Especially at this busy time, we both want to express to you that our faith is strong and our testimony of the Lord's truth, as we remember Him during this miraculous time. Remember that this holiday - holy day, and holy-time is steeped in miracles. We encourage you to look for the miracles in your life. We are at the end of a year, and we are positive that if you look back over the year, you will be able to pin-point the miracles that have occurred in your life. They may have been subtle, or they may have been huge; but no matter how the package was delivered, you received a gift. This is what this season is all about; it is in the giving, and the giving of the heart and not getting caught up in the commercialism that has tended to rule the holidays.

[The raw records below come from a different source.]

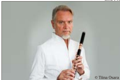
パトリック・ガロワ フルート・リサイタル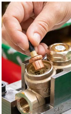
6 - Usunąć czujnik termostatyczny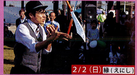
2/2 (日) 縁(えにし)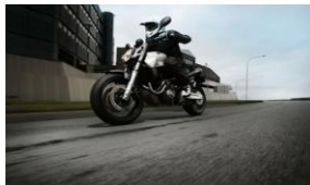
Μοτοσικλέτα που κινείται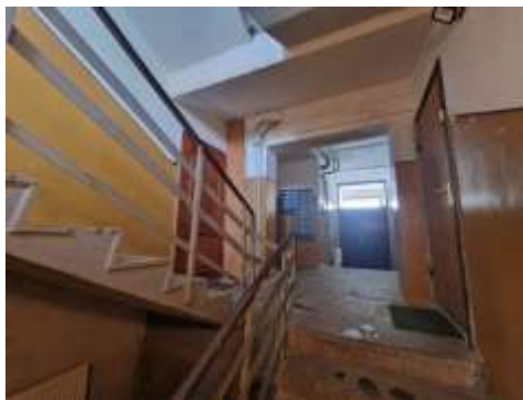
1.stāva kāpņu telpa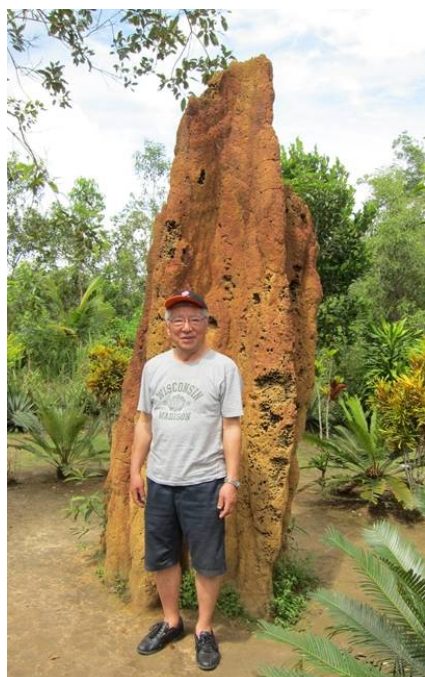
国境付近で蟻の家 (巣) の前で

This year, many are affected by financial burdens; what a perfect time to not get caught up in the worries of "woulda, coulda, shoulda", but rather see the world around you in gratitude. Give of yourself in service; when we step outside of our own issues and live in an attitude of spreading pure Christ-like love, the issues which seem to weigh us down dissipate and solutions are found.
As we look to celebrating this year, look outside of the four walls surrounding you, and step outside of your usual boundaries; find others whom you can serve and experience the true meaning of this season.
From our hearts and home to yours, we wish you blessings, joy, and love for the season; and pray that you will experience a miracle that may just change your life.